Car les Français ont la même relation avec le fric qu'ont les Américains
avec l'alcool : trouble.
Dans la France de nos jours l'ISF est moins
une taxe qu'un supplice comme ceux réservés jadis aux hérétiques.
"
Voici cette fois Nicolas Sarkozy sur la sellette.
Il avait acheté, il y a neuf ans, un appartement de 5,7 millions
de francs auquel s'ajoutaient des travaux complémentaires pour environ
1,8 million, soit un assez joli total de 7,5 millions de francs
qui vaudraient sans doute aujourd'hui 10 ou 12 millions de francs,
soit 1,5 à 1,8 millions d'euros.
Certes, le parisien moyen n'est guère en mesure de mettre cette
somme. 1 500 000 euros c'est beaucoup.
Pourquoi serait-ce trop lorsqu'on a été
quatre ou cinq fois ministre de 1993 à aujourd'hui ?
Dans beaucoup de pays, ce chiffre paraîtrait normal lorsqu'on
a assez brillamment réussi pour se retrouver candidat crédible à
la présidence de la République, aussi bien d'ailleurs qu'homme d'affaires,
artiste ou sportif reconnu.
Ces derniers sont évidemment dix fois plus riches.
Ségolène Royal possède elle un patrimoine immobilier réévalué
à environ 18 millions de francs d'aujourd'hui, soit 2,7 millions
d'euros : à Mougins dans une " gated community " (1 million d'euros),
à Boulogne (1,4 millions) et à Melle (270 000 euros).
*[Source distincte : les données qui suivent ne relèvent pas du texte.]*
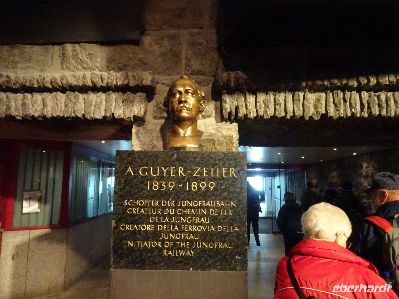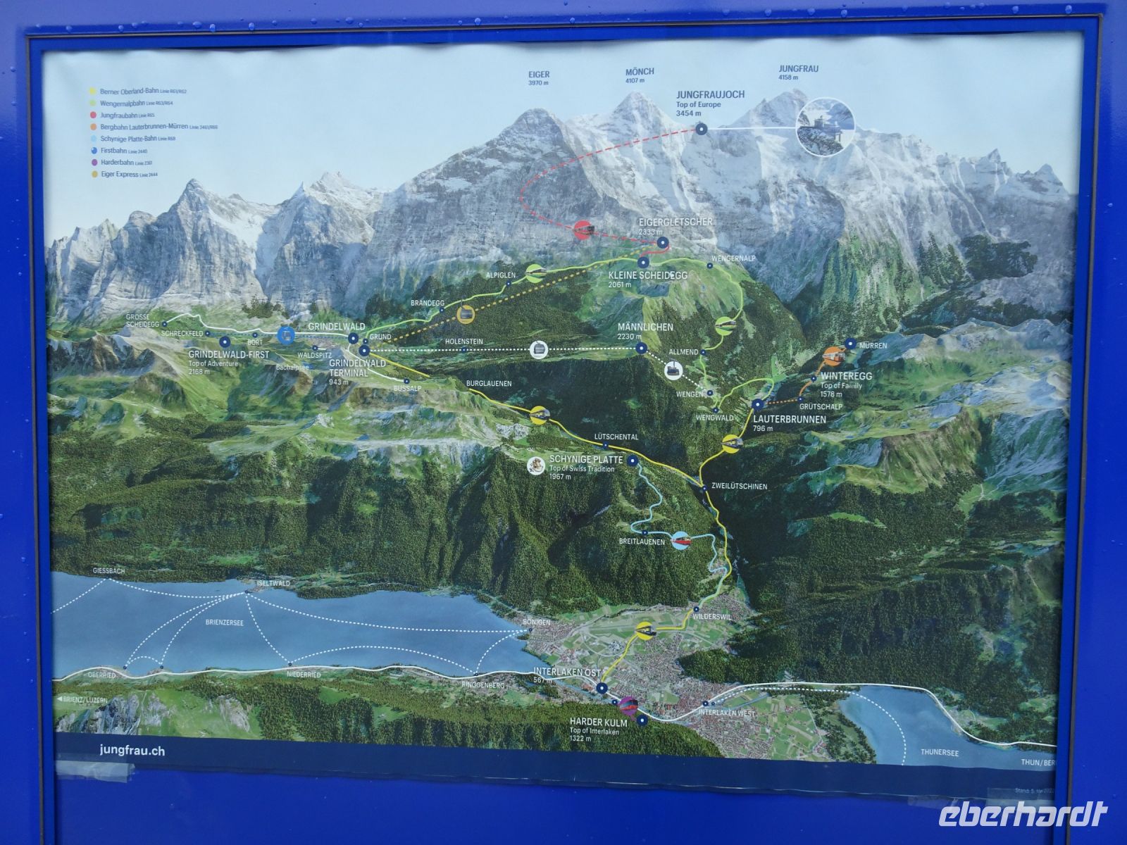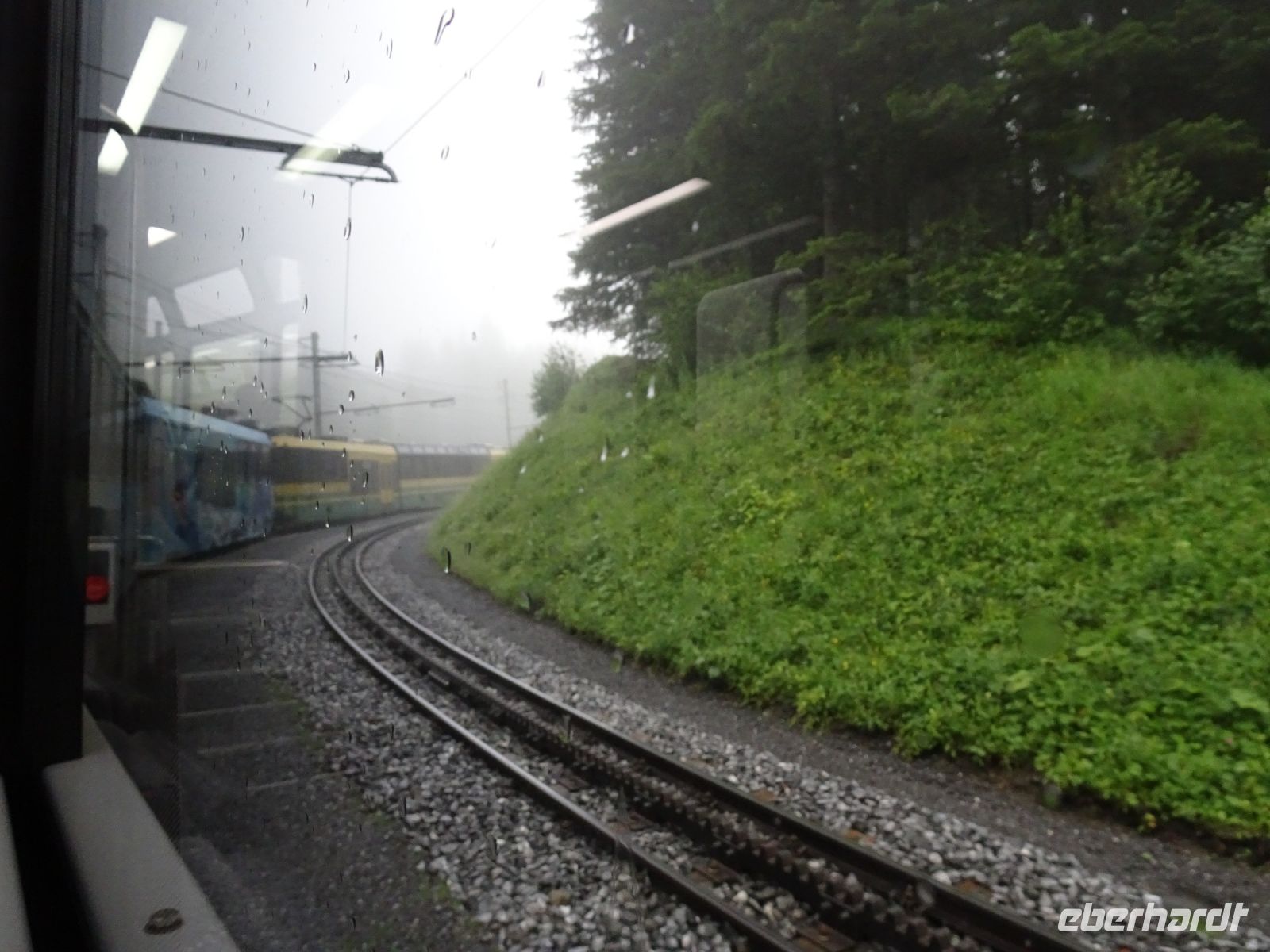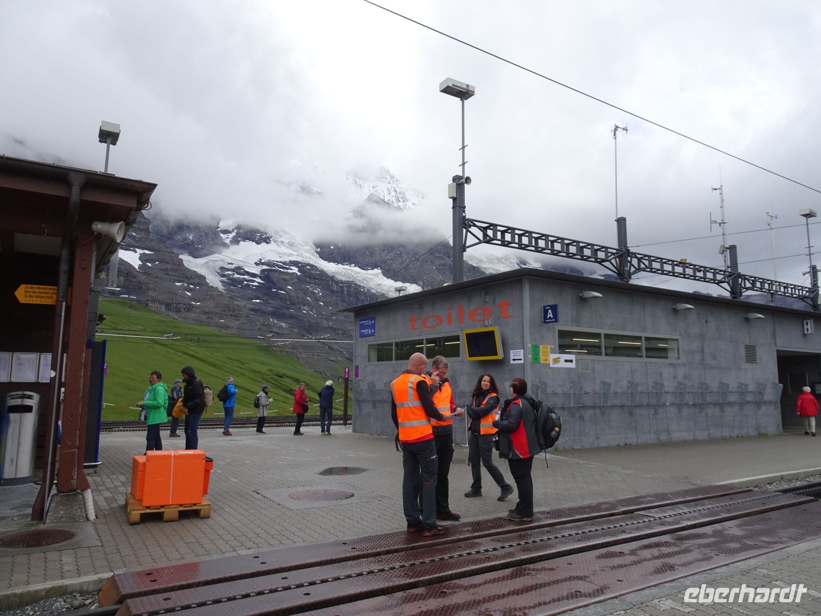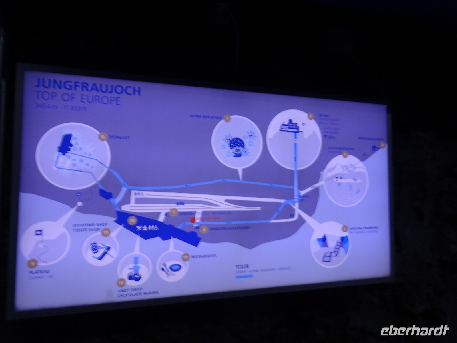 Alle Befürchtungen scheinen wahr zu werden. Der Himmel ist grau und es regnet. Ausgerechnet heute. Mit unserem Eberhardt Bus fahren wir nach Lauterbrunnen. Von hier aus geht es mit der Zahnradbahn weiter auf die Kleine Scheidegg. Weder Eiger, noch Mönch, noch Jungfrau lassen sich blicken. Ab und zu ist eine Bergspitze zu sehen, es gibt hier also welche. Rührige Bahnarbeiter begrüßen uns und zeigen uns, in welchem Wagen der Jungfraubahn Plätze für uns reserviert sind. Und es gibt eine Überraschung: wir müssen nicht am Eigergletscher umsteigen, sondern fahren bis zum Jungfraujoch durch. Unterwegs legt der Zug einen Stopp ein. Mitten im Tunnel gibt es große Fenster, von denen man einen einmaligen Blick auf den Gletscher hat. Heute leider nicht. Wir dürfen trotzdem aussteigen und uns das milchige Weiß anschauen. Am Jungfraujoch angekommen, gehen wir gemeinsam zur Haupthalle, von der aus ein Rundweg beginnt, den jeder individuell und in eigenem Tempo ablaufen kann. Etwa eine Stunde ist dafür kalkuliert, je nachdem wie lange man sich an den einzelnen Stationen aufhält, können es auch eineinhalb oder zwei Stunden werden, bleibt immer noch eine Stunde für die kulinarische Versorgung. Restaurants gibt es hier genug. Vielleicht liegt es an der katastrophalen Wettervorhersage, dass außer uns nur noch ein paar indische Gruppen und eine Gruppe Mönche heute hier sind. Im Vergleich zu anderen Zeiten ist es relativ leer. Den Rundgang beginnen wir am besten mit der Auffahrt zur Sphinx. Außer, es ist gerade eine Gruppe Inder angekommen. Mit dem Fahrstuhl erreichen wir eine Aussichtsplattform und mit ein bisschen Geduld und Glück, so wie bei uns, verzieht sich der Nebel und es eröffnet sich eine kaum zu beschreibende Bergwelt. Zurück von der Plattform folgen wir den Ausschilderungen Alpine Sensation. Hier erwartet den Besucher eine überdimensionale Schneekugel, für die wir uns etwas Zeit nehmen. Melodisch untermalt wird hier der Tagesablauf in einem Bergdorf dargestellt. Begleitet von fröhlichen Jodelgesängen bewegen sich Figuren und Eisenbahnen, öffnen sich Fenster und gehen wieder zu, ein unterhaltsames Spektakel. Wir folgen dem Weg weiter und treffen auf den Erfinder der Jungfraubahn. Anschließend gelangen wir in den Eispalast. Hier sind diverse aus Eis geschnitzte Figuren zu sehen und sogar eine spezielle Weinsorte, die in eingefrorenen Fässern reift. Hat man diese Attraktionen absolviert, bleibt noch der Weg zum Aletschgletscher. Mit passendem Schuhwerk kann man auf dem Aletschgletscher herumspazieren. Vollgesaugt mit Erlebnissen, begeben wir uns zum Bahnhof. Innerhalb einer halben Stunde erreichen wir das Terminal vom Eigergletscher und steigen hier in den Eiger-Express um. Dieser ist eine neu eröffnete Gondelbahn, die uns nach Grindelwald bringt. Etwas außerplanmäßig erwartet uns hier nicht Wolfram mit dem Eberhardt Bus, da er zu einem Notfall gerufen wurde und so fahren wir eben mit der Bahn nach Interlaken zurück.

C'est
également beaucoup.
N'étant pas mariée avec François Holland, elle ne compte que sa
part propre pour sa résidence secondaire et affiche une décote de
40 % pour sa résidence principale en SCI, ce qui diminue naturellement
l'ensemble de près de la moitié : 1 300 000 euros.
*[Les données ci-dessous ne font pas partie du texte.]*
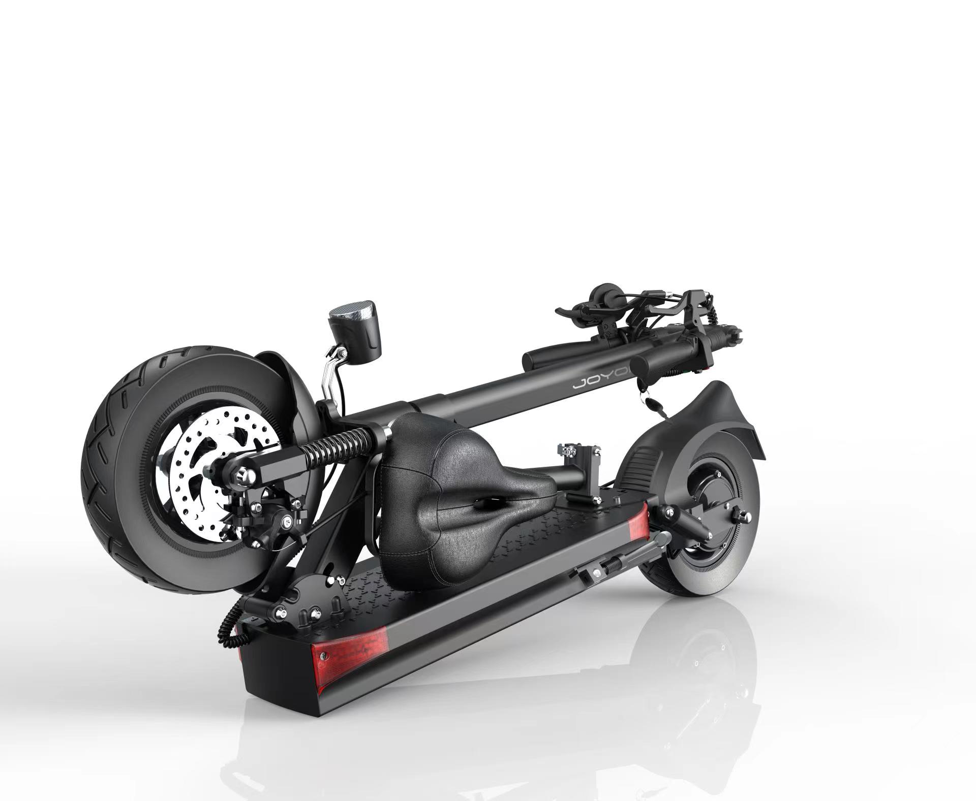 - Для максимального комфорта во время поездки к электросамокату Джоер Y5S можно прикрепить мягкое сиденье, оснащенное амортизаторами и регулируемое по высоте.
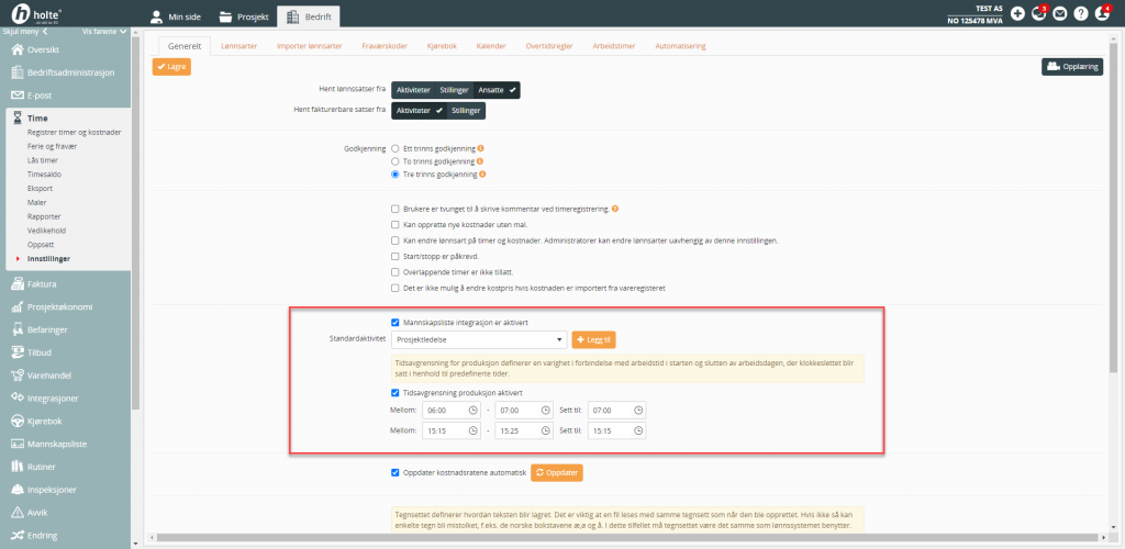 Er mannskapsliste integrasjon aktivert, får du mulighet til å legge til en standard aktivitet fra aktivitetsmalene. Det aktiviteten som settes som standard her, vil være gjeldende for timer som blir overført fra mannskapslisten til Holte Time. Det er mulig å overstyre dette på selve timeføringen, eller pr prosjekt. Gå da til prosjekt fanen – time – innstilling – mannskapsliste.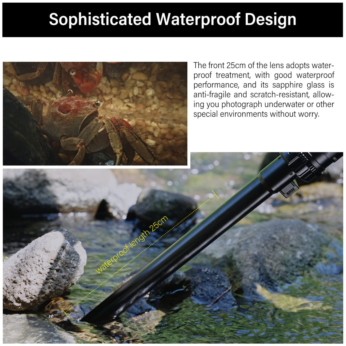 ?Excellent Portability & Shooting In Narrow Spaces?--The Lens Body Is Slender And Can Be Detached Into 2 Sections For Separate Storage, The Aperture Ring And Focus Ring Use A Movie Focusing Gear, Which Is Convenient For The Follow Focus,Providing Portability For Photographers To Go Out For Shooting.And Due To The Special Structure Of The Front Section,It Can Achieve The Purpose Of Shooting In A Narrow Space, Such As Building Miniature Models And Food Setting, Animal Caves, Etc. | ?2X Magnification Macro?--2X Magnification Allows Photographers To Show More Details And Content In Photography.Its Wide-Angle Macro Has A Large Depth Of Field, Which Can Include More Subjects, Better Show Macro Details, And Better Integrate The Subject And The Environment.It Can Also Keep A Certain Working Distance From The Subject, Without Affecting The Subject To Create A More Shocking Picture, Which Is More Conducive To The Photographer'S Creation. | ?Waterproof Design & Sapphire Glass Lens?--The Front 25Cm Of The Lens Is Waterproofed, Allowing The Lens To Go Deep Into The Water (25Cm) For Shooting, Meeting The Needs Of Shooting In Some Special Environments.And The Waterproof Protective Lens Is Made Of Sapphire Glass Material, Which Has High Hardness, Wear Resistance, And Is Not Easy To Scratch, Which Can Not Only Prolong The Service Life Of The Lens,But Also Increase The Application Scenarios That Can Be Used. | ?Ten-Level Adjustable High-Power Fill Light?--The Front Of The Lens Has A Built-In High-Power Ring Fill Light, Which Can Adjust The Brightness At Ten Levels.The Lighting Power Interface Is A Type-C Interface,And The Light Uses A Voltage Of 5V,A Current Of 1 Amp,And A Power Of 5W.It Can Meet The Shooting Of Animal Caves, Pipes, Narrow And Long Gaps, Outdoor Dark Light, Interior Of Small Objects,Product Details,Etc. | ?Compatible?--The Aperture Range Of This Lens Is F13-F40, The Optical Structure Is 21 Elements In 16 Groups,The Length Is About 45.2Cm, And The Widest At The Bayonet Is About 2.3Cm.Compatible With Cine Pl Mount.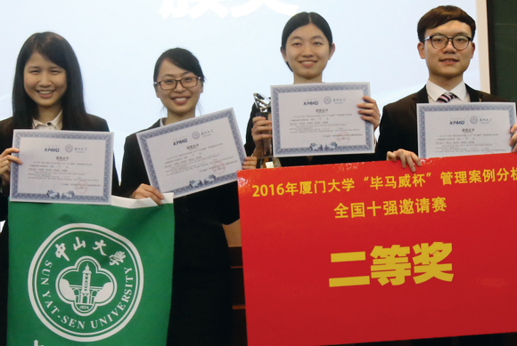 由管理學院學子張夢瑜、華恩迪、黃星銘和邵迅機組成的中山大學代表隊,在2016年“畢馬威杯”管理案例分析全國十強邀請賽中榮獲亞軍,邵迅機同學更是以優異的表現獲得“最佳選手”稱號,本次帶隊和指導老師為管理學院會計學系教師張俊生副教授。
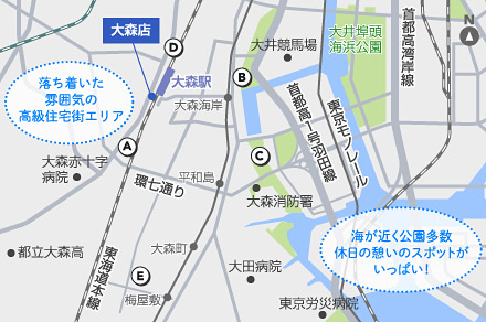 駅西側は落ち着いた高級住宅街、東側はマンション街と、エリアごとで異なる表情を持つ大森には、海が近く公園も多いのが特徴。

Mais peu importe les calculs. Nos deux
candidats affichent des biens immobiliers, revendus pour Nicolas
Sarkozy, actuels pour Ségolène Royal de l'ordre de 1,5 millions
d'euros.
Et voilà Le Canard Enchaîné qui va vendre 100 000 exemplaires
de plus, les médias en émoi, la classe politique en alerte.
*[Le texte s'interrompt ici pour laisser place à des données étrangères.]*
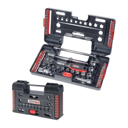 Clés à douille dans mallette 57 pièces. Le coffret comprend : 1 clé à cliquet réversible 1/4" 45 dents. - 12 douilles - 1 joint universel - Rallonge L. 50 mm - Rallonge L. 150 mm. Levier en T et 3 clés Allen : 1,5-2-2,5 mm. Porte-inserts et 36 inserts 25 mm : 8 pour vis à fente, 7 Phillips, 7 Pozidriv, 4 hexagonaux, 6 Torx, 4 carrés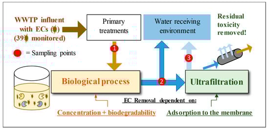 Analyzed samples were collected after primary, secondary, and tertiary treatments. Figure 1 schematically shows the entire water treatment process in the WWTP and the different sampling points selected. Different samples (BIO influent, UF influent, and UF effluent samples) used in this work were named according to this figure.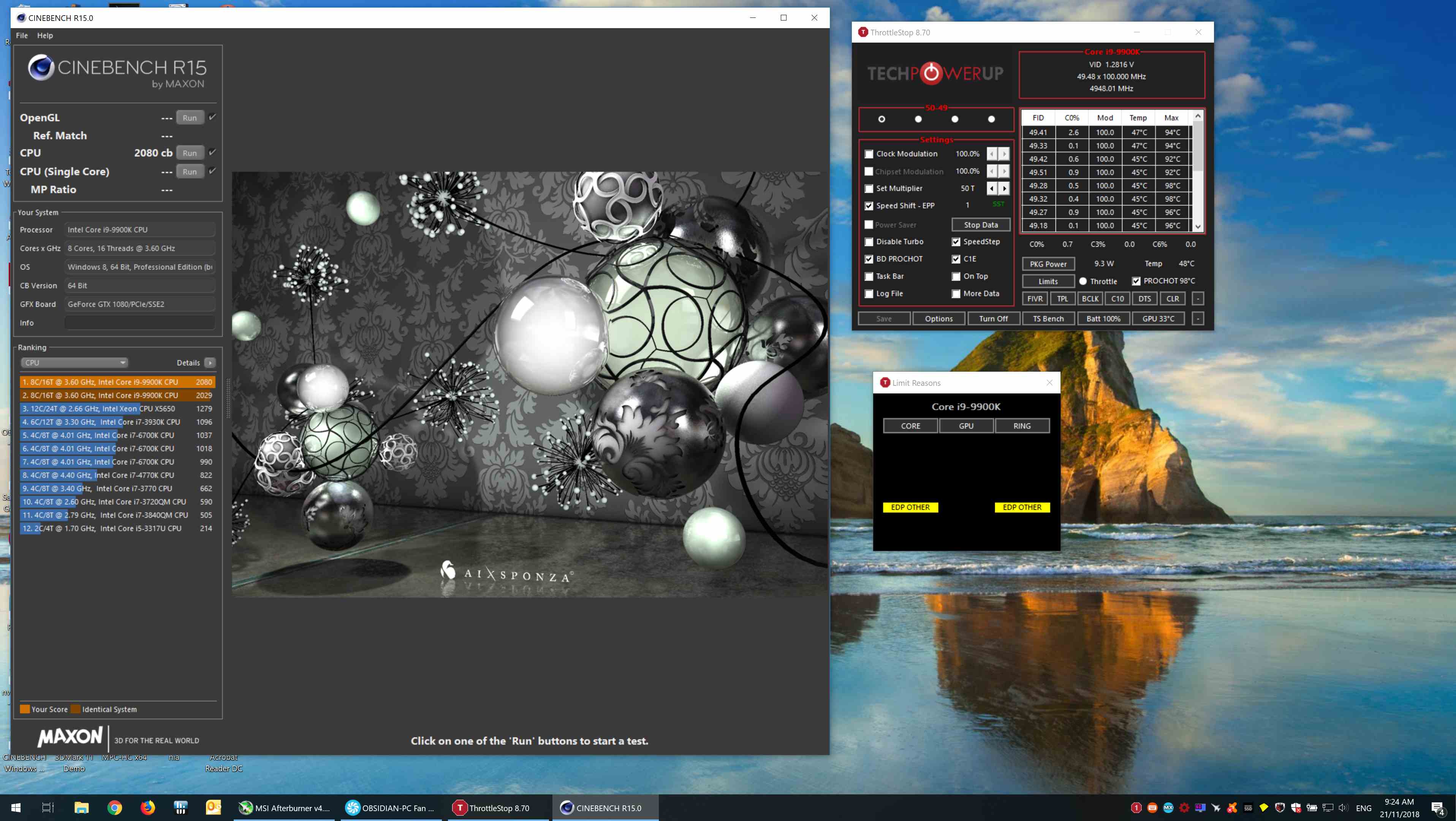 A consumer 9900K (not a chip from the lab) will hit 2150/2200 cb easily. So the firmware is holding you back already and you don't have much thermal headroom available of you want to let the 9900K spread it wings. -

Que nos présidentiables affichent une certaine
richesse et voici que chacun crie haro, sur Nicolas qui aurait bénéficié
d'une remise du promoteur, sur Ségolène qui aurait clairement sous-estimé
la valeur de ses biens.
Que les deux principaux candidats aient
une fortune de 1,5 millions d'euros et payent des impôts en conséquence,
on peut plutôt s'en réjouir car ce n'est sans doute pas pour l'argent
qu'ils prétendent aux plus hautes fonctions et leur richesse relative
les met d'autre part à l'abri des tentations bien connues des politiques.
Allons, comme le dit Stanger : " Sacrés Français ! A voir
les patrimoines des candidats au pouvoir suprême, leurs fortunes
feraient rire un Américain. "
Et nul doute qu'aux USA, personne n'oserait se présenter à la présidentielle
en disant qu'il n'a pu gagner avant 50 ans qu'un petit million d'euros.